### Required work
Starting at the line that has "Работает датчик следующим" and stopping after the line that has "這座辦公空間設計以現(xià", reproduce the listing below exactly; omit everything else.

### Data
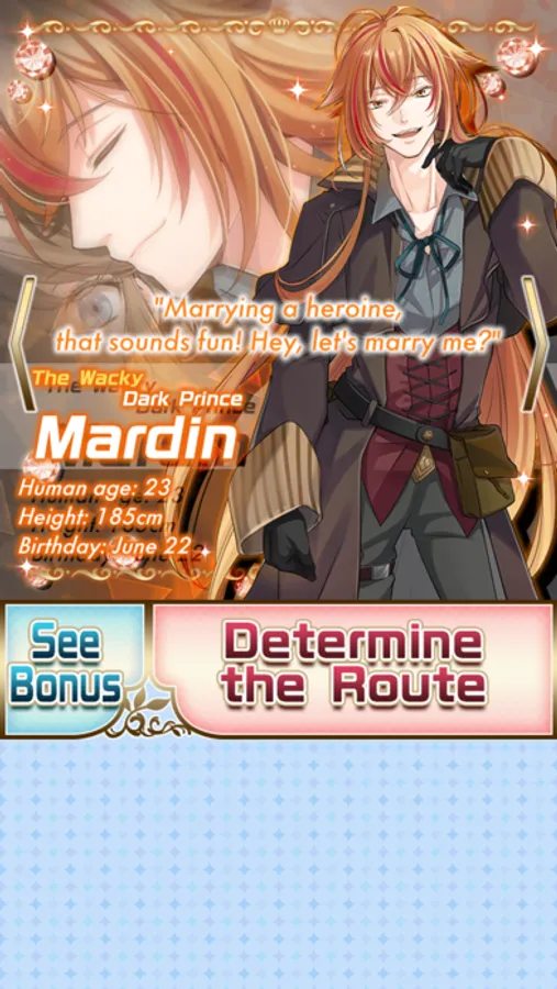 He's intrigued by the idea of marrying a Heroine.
* * *
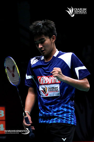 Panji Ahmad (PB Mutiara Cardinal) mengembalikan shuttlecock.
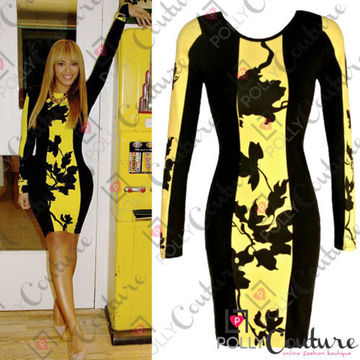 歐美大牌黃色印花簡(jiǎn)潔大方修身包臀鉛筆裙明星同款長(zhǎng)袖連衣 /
--
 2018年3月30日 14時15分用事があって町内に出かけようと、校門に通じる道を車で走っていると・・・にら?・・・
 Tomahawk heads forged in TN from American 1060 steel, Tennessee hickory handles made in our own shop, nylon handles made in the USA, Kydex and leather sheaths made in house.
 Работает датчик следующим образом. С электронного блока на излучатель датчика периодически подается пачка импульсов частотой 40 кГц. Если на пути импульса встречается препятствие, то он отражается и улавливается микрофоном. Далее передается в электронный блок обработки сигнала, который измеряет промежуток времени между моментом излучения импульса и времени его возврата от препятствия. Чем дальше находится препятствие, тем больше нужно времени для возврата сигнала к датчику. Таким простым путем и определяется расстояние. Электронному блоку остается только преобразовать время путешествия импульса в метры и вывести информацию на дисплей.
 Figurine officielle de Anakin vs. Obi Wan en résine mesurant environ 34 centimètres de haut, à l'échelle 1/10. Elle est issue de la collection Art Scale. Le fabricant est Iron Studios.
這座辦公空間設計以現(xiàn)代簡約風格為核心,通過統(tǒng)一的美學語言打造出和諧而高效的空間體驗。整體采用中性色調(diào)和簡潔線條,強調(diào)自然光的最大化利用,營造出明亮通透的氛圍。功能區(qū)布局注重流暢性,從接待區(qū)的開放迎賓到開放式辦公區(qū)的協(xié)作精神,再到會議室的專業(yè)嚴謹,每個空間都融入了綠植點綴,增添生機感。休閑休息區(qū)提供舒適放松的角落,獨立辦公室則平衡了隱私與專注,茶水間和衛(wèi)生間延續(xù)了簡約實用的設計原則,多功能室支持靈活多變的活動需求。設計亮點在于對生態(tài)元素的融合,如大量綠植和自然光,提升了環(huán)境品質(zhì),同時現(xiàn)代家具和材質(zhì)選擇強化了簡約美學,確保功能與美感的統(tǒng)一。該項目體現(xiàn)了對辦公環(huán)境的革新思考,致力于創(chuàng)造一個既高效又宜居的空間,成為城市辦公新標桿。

### Answer area
 Работает датчик следующим образом. С электронного блока на излучатель датчика периодически подается пачка импульсов частотой 40 кГц. Если на пути импульса встречается препятствие, то он отражается и улавливается микрофоном. Далее передается в электронный блок обработки сигнала, который измеряет промежуток времени между моментом излучения импульса и времени его возврата от препятствия. Чем дальше находится препятствие, тем больше нужно времени для возврата сигнала к датчику. Таким простым путем и определяется расстояние. Электронному блоку остается только преобразовать время путешествия импульса в метры и вывести информацию на дисплей.
 Figurine officielle de Anakin vs. Obi Wan en résine mesurant environ 34 centimètres de haut, à l'échelle 1/10. Elle est issue de la collection Art Scale. Le fabricant est Iron Studios.
這座辦公空間設計以現(xiàn)代簡約風格為核心,通過統(tǒng)一的美學語言打造出和諧而高效的空間體驗。整體采用中性色調(diào)和簡潔線條,強調(diào)自然光的最大化利用,營造出明亮通透的氛圍。功能區(qū)布局注重流暢性,從接待區(qū)的開放迎賓到開放式辦公區(qū)的協(xié)作精神,再到會議室的專業(yè)嚴謹,每個空間都融入了綠植點綴,增添生機感。休閑休息區(qū)提供舒適放松的角落,獨立辦公室則平衡了隱私與專注,茶水間和衛(wèi)生間延續(xù)了簡約實用的設計原則,多功能室支持靈活多變的活動需求。設計亮點在于對生態(tài)元素的融合,如大量綠植和自然光,提升了環(huán)境品質(zhì),同時現(xiàn)代家具和材質(zhì)選擇強化了簡約美學,確保功能與美感的統(tǒng)一。該項目體現(xiàn)了對辦公環(huán)境的革新思考,致力于創(chuàng)造一個既高效又宜居的空間,成為城市辦公新標桿。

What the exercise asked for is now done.